Stored items from a collection
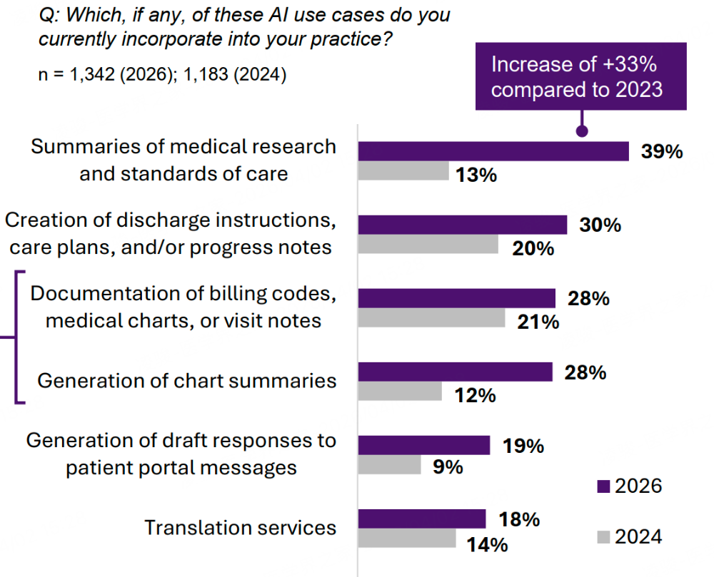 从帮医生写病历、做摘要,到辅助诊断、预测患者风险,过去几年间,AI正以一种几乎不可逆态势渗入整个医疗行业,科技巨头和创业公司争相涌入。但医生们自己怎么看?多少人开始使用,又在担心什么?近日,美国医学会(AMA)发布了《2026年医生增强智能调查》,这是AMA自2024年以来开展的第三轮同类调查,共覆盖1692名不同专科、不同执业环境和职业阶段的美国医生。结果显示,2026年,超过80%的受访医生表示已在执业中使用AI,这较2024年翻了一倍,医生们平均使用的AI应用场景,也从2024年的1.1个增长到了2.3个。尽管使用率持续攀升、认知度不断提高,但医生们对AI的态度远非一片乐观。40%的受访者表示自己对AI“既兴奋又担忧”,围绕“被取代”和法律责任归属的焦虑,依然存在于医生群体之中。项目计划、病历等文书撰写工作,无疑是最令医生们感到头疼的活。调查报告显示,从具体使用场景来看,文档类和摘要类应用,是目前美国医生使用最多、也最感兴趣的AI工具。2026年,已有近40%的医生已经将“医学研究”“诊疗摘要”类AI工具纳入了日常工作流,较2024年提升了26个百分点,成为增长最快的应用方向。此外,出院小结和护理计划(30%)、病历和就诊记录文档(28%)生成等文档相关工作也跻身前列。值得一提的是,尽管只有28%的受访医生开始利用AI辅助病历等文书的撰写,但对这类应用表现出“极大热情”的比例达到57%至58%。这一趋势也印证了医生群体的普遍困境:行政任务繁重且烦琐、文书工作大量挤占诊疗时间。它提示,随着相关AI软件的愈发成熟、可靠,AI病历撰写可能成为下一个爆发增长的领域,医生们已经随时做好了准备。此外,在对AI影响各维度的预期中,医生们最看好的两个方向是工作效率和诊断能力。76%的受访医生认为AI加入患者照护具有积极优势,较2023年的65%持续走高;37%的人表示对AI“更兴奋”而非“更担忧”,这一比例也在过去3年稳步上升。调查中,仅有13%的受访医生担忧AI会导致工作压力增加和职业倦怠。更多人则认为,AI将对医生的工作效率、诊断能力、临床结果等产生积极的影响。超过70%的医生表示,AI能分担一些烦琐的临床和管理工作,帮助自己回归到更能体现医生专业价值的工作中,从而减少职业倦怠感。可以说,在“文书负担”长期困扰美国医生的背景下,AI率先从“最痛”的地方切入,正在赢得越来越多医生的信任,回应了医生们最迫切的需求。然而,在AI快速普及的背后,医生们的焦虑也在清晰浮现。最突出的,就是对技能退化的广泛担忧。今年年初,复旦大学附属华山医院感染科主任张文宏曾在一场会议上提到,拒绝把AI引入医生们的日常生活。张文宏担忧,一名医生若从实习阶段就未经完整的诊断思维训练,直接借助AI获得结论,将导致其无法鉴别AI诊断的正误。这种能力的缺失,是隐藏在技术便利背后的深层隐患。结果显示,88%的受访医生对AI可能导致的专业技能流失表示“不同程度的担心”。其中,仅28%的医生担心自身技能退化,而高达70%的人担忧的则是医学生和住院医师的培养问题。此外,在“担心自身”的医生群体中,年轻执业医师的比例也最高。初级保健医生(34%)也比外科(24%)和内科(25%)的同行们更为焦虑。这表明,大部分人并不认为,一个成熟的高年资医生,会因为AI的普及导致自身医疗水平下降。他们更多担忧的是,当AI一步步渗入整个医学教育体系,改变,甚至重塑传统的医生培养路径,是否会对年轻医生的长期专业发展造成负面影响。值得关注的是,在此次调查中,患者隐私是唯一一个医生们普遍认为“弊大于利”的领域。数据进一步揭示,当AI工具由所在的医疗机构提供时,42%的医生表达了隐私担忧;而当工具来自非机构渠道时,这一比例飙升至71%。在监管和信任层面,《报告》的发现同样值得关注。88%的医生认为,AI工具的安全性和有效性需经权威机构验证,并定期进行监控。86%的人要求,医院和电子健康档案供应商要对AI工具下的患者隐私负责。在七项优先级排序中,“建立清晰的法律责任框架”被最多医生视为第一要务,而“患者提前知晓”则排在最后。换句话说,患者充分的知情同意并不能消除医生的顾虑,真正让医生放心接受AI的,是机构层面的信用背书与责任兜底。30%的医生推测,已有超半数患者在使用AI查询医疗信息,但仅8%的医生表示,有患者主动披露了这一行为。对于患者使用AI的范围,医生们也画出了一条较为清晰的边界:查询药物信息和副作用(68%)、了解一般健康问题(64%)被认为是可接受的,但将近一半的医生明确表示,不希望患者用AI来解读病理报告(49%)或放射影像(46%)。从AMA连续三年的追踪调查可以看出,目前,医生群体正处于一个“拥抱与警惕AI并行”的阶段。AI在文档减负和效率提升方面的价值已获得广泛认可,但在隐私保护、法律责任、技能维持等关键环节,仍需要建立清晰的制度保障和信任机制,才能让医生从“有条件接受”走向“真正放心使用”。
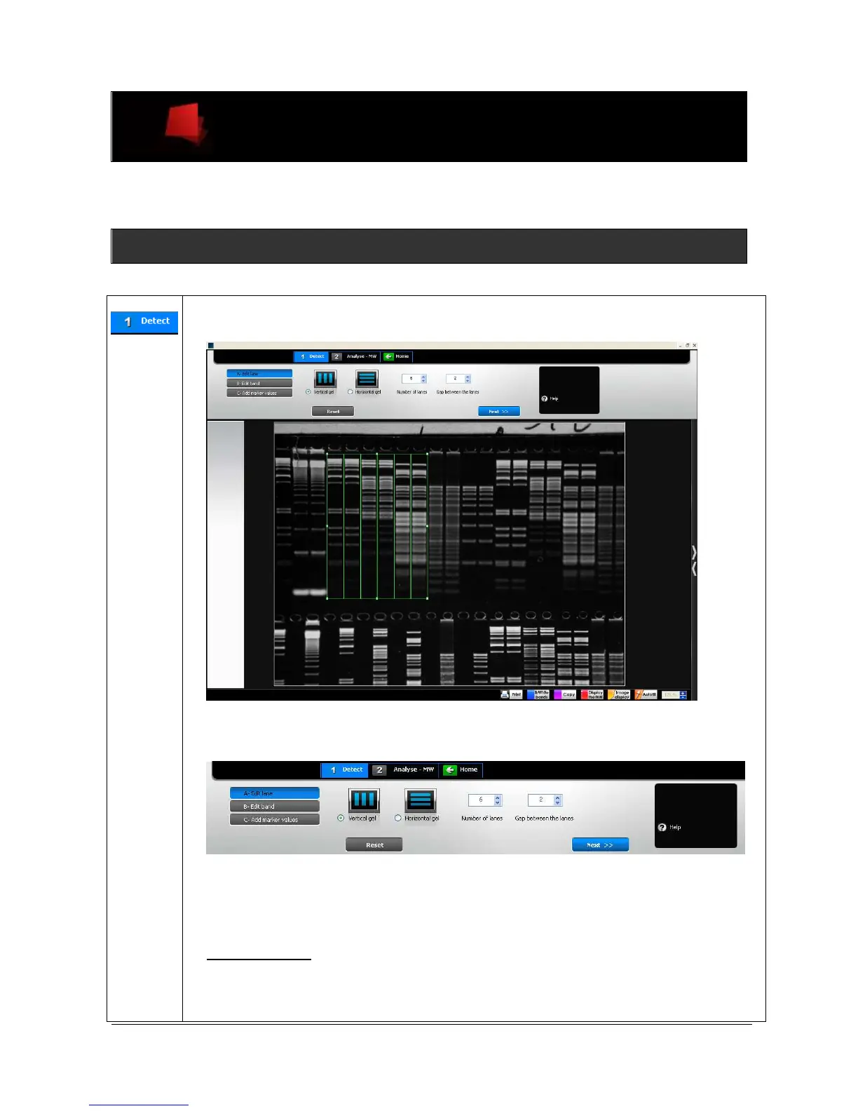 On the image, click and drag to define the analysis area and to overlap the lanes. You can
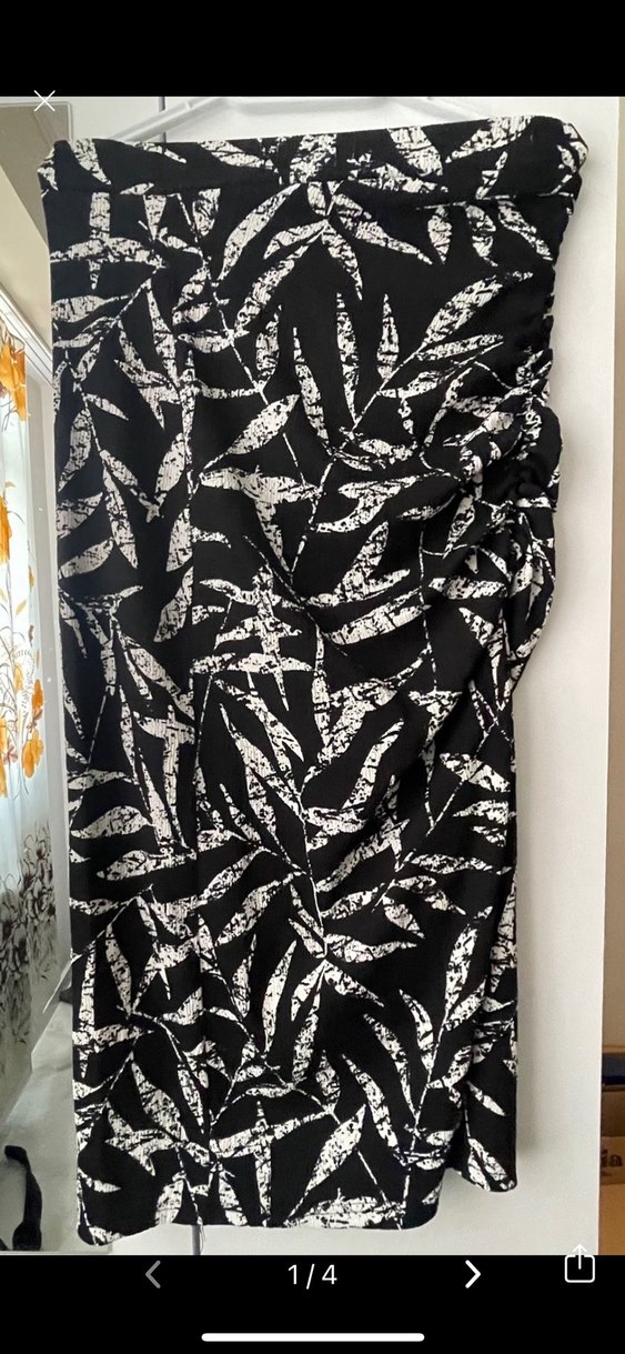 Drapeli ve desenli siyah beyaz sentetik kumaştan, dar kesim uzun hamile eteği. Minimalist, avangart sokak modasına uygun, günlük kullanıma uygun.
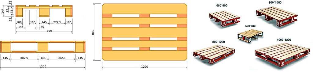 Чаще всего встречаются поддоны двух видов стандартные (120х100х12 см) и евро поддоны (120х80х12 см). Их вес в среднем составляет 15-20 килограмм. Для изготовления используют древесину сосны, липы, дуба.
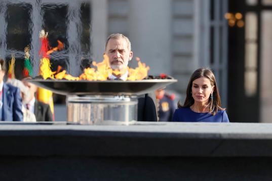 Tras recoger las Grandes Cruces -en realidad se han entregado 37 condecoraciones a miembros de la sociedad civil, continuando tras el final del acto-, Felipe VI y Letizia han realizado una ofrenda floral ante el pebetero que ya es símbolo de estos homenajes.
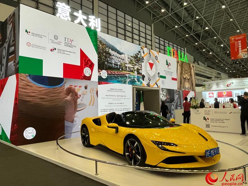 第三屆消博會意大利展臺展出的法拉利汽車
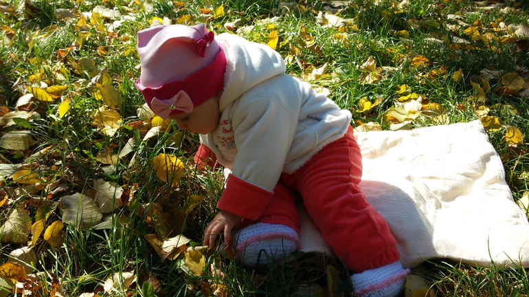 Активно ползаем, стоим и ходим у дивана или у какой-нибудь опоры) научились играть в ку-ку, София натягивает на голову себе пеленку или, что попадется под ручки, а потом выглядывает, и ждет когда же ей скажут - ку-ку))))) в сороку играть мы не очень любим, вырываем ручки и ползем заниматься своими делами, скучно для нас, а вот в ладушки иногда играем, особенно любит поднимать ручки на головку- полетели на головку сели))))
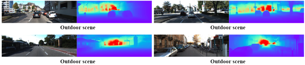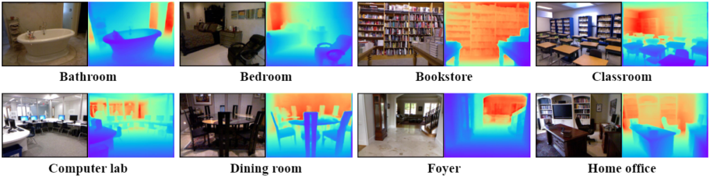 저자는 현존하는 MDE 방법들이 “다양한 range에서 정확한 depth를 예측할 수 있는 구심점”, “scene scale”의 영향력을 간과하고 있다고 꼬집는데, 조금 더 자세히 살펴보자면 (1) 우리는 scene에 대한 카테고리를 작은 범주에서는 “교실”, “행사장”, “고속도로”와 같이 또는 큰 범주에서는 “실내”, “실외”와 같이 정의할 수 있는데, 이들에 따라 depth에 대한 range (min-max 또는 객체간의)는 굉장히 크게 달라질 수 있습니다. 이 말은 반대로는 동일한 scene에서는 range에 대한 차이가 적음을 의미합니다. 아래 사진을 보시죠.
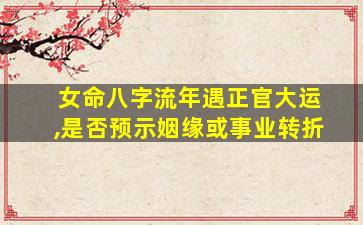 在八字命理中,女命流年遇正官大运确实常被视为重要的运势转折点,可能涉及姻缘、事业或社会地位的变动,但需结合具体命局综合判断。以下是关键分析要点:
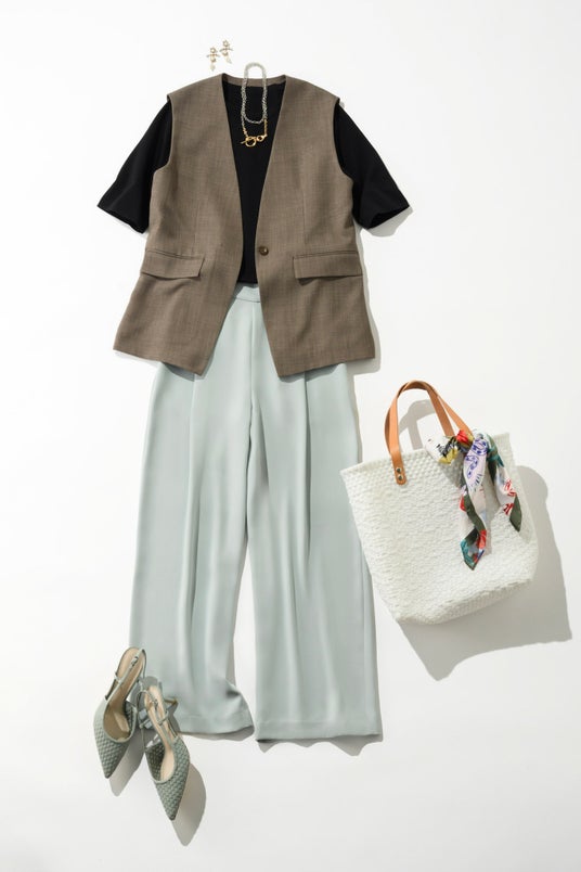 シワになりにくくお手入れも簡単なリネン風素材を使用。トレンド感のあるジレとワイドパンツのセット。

* **ASSIGNED TASK**
Using the data above, retype exactly and only the lines from the one containing "Drapeli ve desenli" up to and including the one containing "Чаще всего встречаются", with no pictures carried over.

* **WRITTEN RESPONSE**
 Drapeli ve desenli siyah beyaz sentetik kumaştan, dar kesim uzun hamile eteği. Minimalist, avangart sokak modasına uygun, günlük kullanıma uygun.
 Чаще всего встречаются поддоны двух видов стандартные (120х100х12 см) и евро поддоны (120х80х12 см). Их вес в среднем составляет 15-20 килограмм. Для изготовления используют древесину сосны, липы, дуба.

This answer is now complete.